From: JOG <jog_at_cs.nott.ac.uk>
Date: Sun, 20 Jan 2008 13:35:04 -0800 (PST)
Message-ID: <c324c654-1373-43d2-adc7-da249a0d7400_at_i72g2000hsd.googlegroups.com>


On Jan 20, 12:40 pm, Jan Hidders <hidd..._at_gmail.com> wrote:
> On 19 jan, 16:55, mAsterdam <mAster..._at_vrijdag.org> wrote:
>
>
>
> > Jan Hidders wrote:
> > > mAsterdam wrote:
> > >> Jan Hidders wrote:
> > >>> mAsterdam wrote:
> > >>>> Jan Hidders wrote:
> > >> ...
> > >>>>> Anyway, the stronger POOD that requires that headers are distinct
> > >>>>> sounds like nonsense to me. Why would R(A, B) be a worse design than
> > >>>>> R(R_A, R_B)?
> > >>>>> The weaker POOD looks more interesting to me. I even found a published
> > >>>>> paper about it:
> > >>>>>http://www.wseas.us/e-library/conferences/2006madrid/papers/512-451.pdf
> > >>>> Unfortunately the link times out.
> > >>> Hmm, not for me. But to help you out:
> > >>>http://www.adrem.ua.ac.be/bibrem/pubs/pood.pdf
> > >> Thank you for helping me out by providing the document.
>
> > >> I started reading "Extended Principle of Orthogonal Design"
> > >> by Erki Eessaar
>
> > below: EE
>
> > >> User defined datatypes (UDT) give the designer of a database
> > >> more decisions, more room for wrong decisions.
> > >> Row-, array-, reference-, multiset collection types
> > >> - choices, choices, choices.
> > >> How to deal with that freedom?
> > >> Enter the Principle of Orthogonal Design (POD):
> > >> If you have a tuple-type, make sure to have only one base
> > >> relvar for recording that tuple-type.
>
> > > Hmm, I would call that the strong POOD (or strong POD), and that, I
> > > would agree, seems to make no sense.
>
> > We agree on that, that is clear.
> > So ok, but - from the huge category of easily asked but
> > hard to answer questions: - why?
>
> > Why doesn't the (strong) PoOD make sense to you?
>
> It is at the same time too strong and too weak. It is too strong
> because it forbids cases where there is in fact no redundancy, and at
> the same time allows cases where there is redundancy. Moreover, you
> can always trivially satisfy it by renaming R(a,b) to R(r_a,r_b). How
> exactly does that improve the design?

Well this is an interesting question, because I am yet to see any reason as to why it be beneficial, but can see how it makes life harder given that it prevents a union without a preceding rename.

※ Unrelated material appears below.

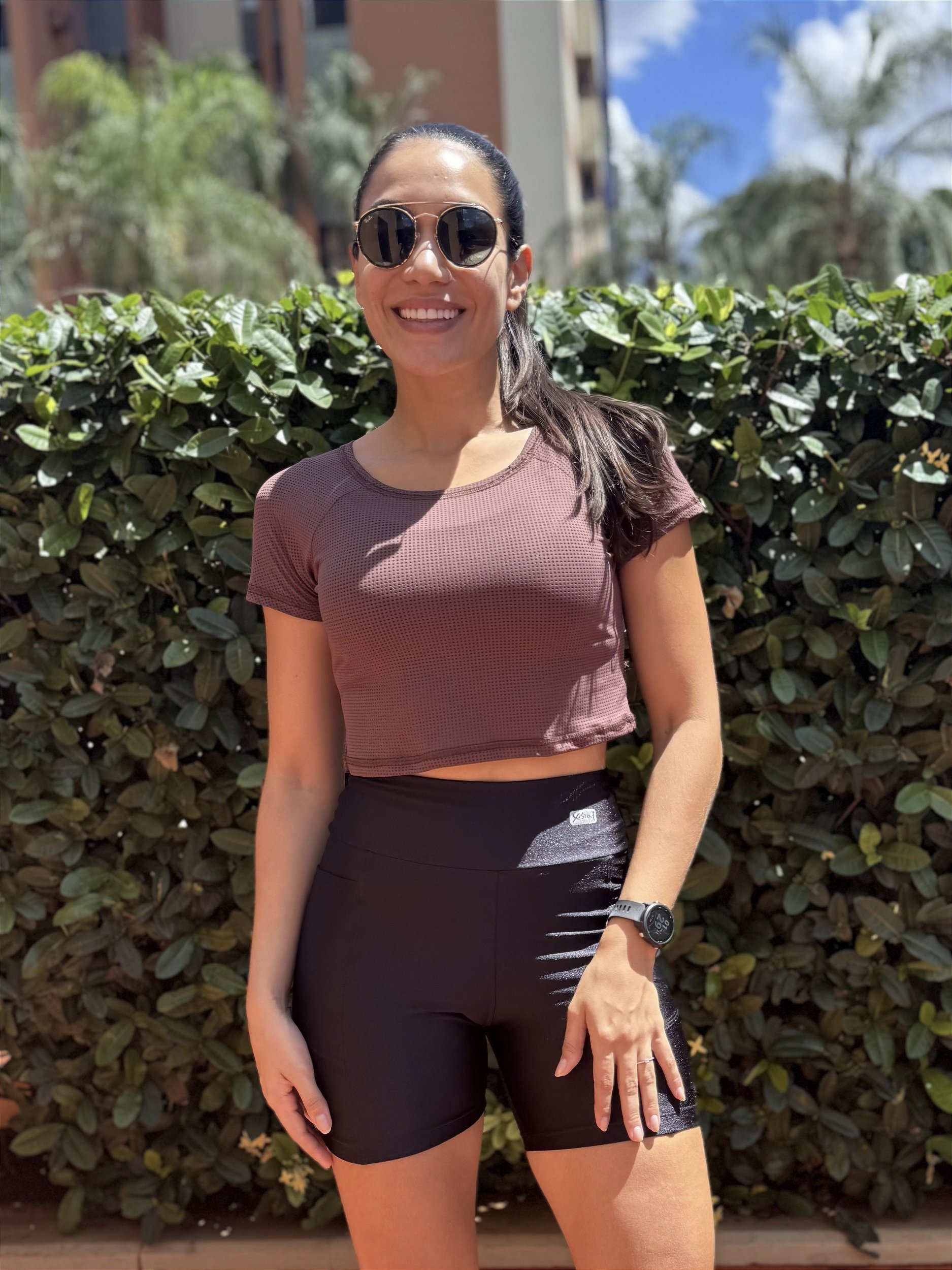 Tecido dryfit furadinho e proteção UV.

I find the example of phone numbers useful (a scenario also discussed on TTM lists a while back): for a selection of propositions discussing people's work, home and mobile numbers is it possible to state a consistent preference for a schema from:

  1. Contacts = {phone_type, name, number}
  2. Home = {name, number} Work = {name, number} Mobile = {name, number}

I find it interesting that the PoOD recommends 1, the option that I believe most designers would intuitively go for, but that in its 'strong form' also suggests that 2 is perfectly satisfactory if roles are simply renamed as:

Home = {name, home_number}
Work = {name, work_number}
Mobile = {name, mobile_number}

Without any evidence of improvement this might confer to view updating, I certainly see little sense therein. However, I wonder if there is not a preferable guideline that also recommends 1 along the lines of eliminating application bias (a Principle of Bias Elimination perhaps). Such a guideline would also reject other feasible schema such as,

Toms_numbers = {type, number}
Franks_numbers = {type, number}
etc...

that one might never realistically consider, but differ little conceptually to a Home, Work, Mobile divisions, suggesting instead that if it is possible for propositions to be collectivized under a single predicate, then they should be?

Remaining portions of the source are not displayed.